- In THE PASSAGE, a top-secret military experiment called Project NOAH trying to foster eternal life instead creates a virus that turns people into vampires. A little girl is the only one who can save them, aided by a Harvard professor. (Cronin went to Harvard, by the way.)
- If we had all been paying attention in the summer of 2007, we might have followed Cronin's $3.75M deal for the trilogy... indicating that it would either be big or fail grandly. This was just two years after the first volume of that other vampire series hit the bestseller lists, and the same summer the third in that series came out.

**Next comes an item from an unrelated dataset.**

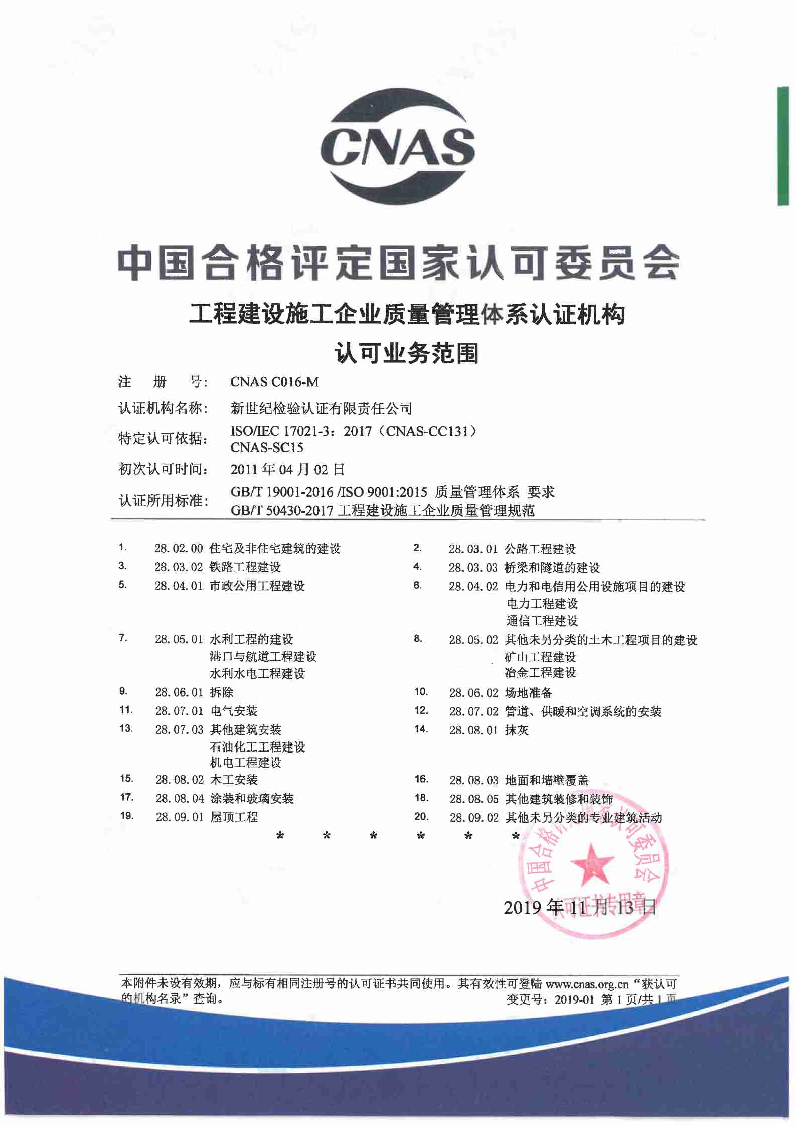 職業(yè)健康安全管理體系認(rèn)證機(jī)構(gòu)認(rèn)可證書(一) 職業(yè)健康安全管理體系認(rèn)證機(jī)構(gòu)認(rèn)可證書(二) 環(huán)境管理體系認(rèn)證機(jī)構(gòu)認(rèn)可證書(一) 環(huán)境管理體系認(rèn)證機(jī)構(gòu)認(rèn)可證書(二) 知識(shí)產(chǎn)權(quán)管理體系認(rèn)可證書 工程建設(shè)施工企業(yè)質(zhì)量管理體系認(rèn)證機(jī)構(gòu)認(rèn)可證書

- After being on the 'literary' track for several years with the novels MARY AND O'NEIL and THE SUMMER GUEST, he sent THE PASSAGE out under a pseudonym, guessing that publishers would pigeonhole him without looking at his work. (Can't say he's wrong.)

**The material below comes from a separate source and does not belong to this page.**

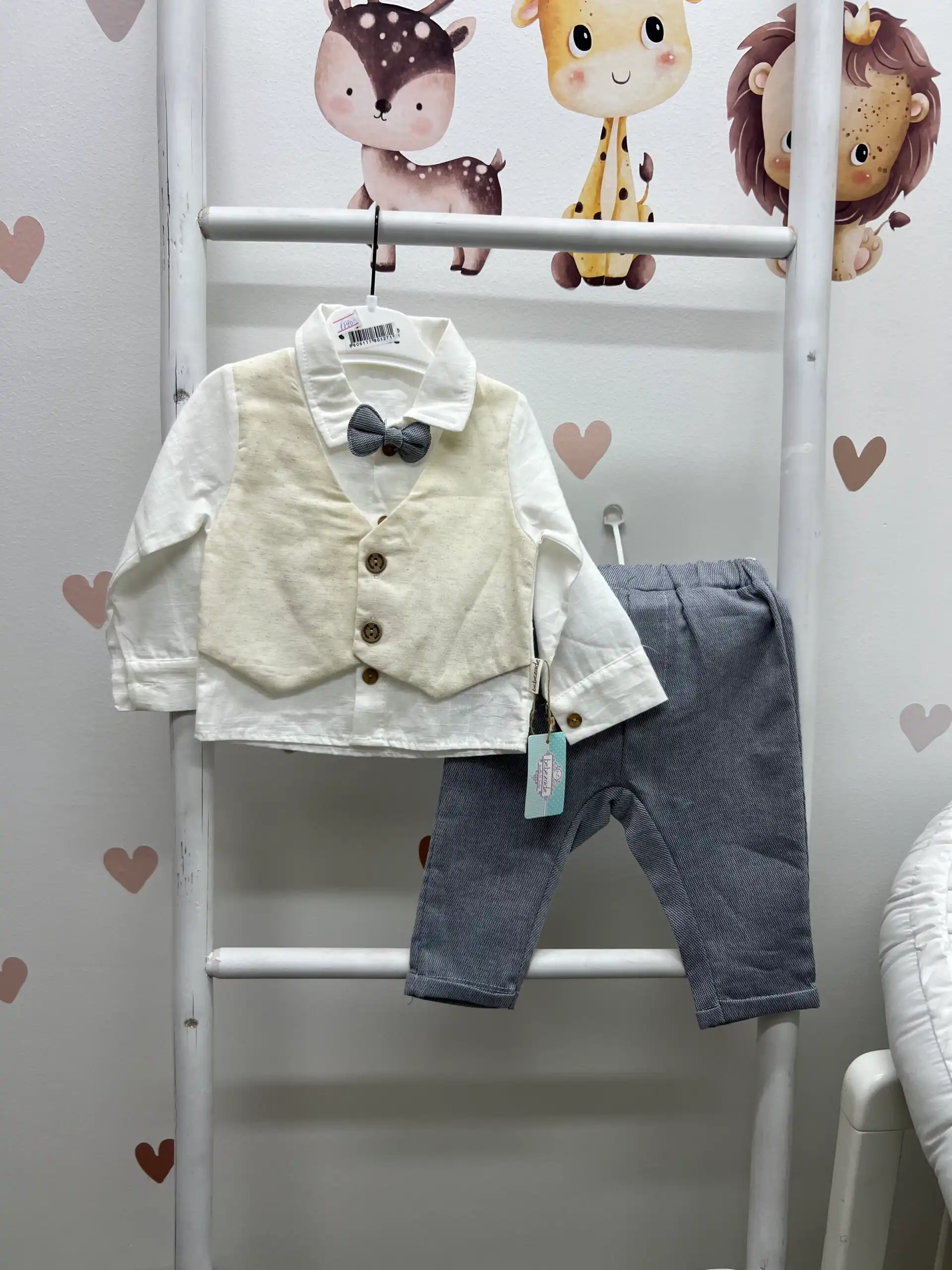 Elegantna košulja sa našivenim prslukom daje kompletu sofisticiran i uredan izgled, dok se leptir mašna lako skida po potrebi. Pantalone su udobne i lepo krojene, tako da mališan izgleda svečano, a da mu je istovremeno prijatno tokom nošenja.

- (This bullet is blank because one of my coworkers just sent me Sad Keanu and I got distracted)
- Time: "Even when as a kid, I was reading these big, fat summer books — fat as a Rueben sandwich."

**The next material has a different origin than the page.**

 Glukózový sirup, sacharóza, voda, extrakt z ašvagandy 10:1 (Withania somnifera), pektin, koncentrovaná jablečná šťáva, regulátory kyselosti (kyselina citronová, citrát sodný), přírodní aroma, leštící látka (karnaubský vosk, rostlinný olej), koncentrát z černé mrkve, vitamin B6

- NY Times review: "This already-exhaustive book is studded with diary entries, academic papers and other ostensible evidence that its fictitious stories of destruction are true. Every now and then, as when the Gulf of Mexico is described as an oil slick, these accounts are even scarier than intended."
8 hours ago
1 comment:
I checked out this book in Barnes & Noble today. Important writers are blurbing it, but I'm always a little reluctant when something is so clearly the beginning of a long series; similarly, movies that are clearly attempting to start a franchise almost always end in a disappointingly predictable cliffhanger.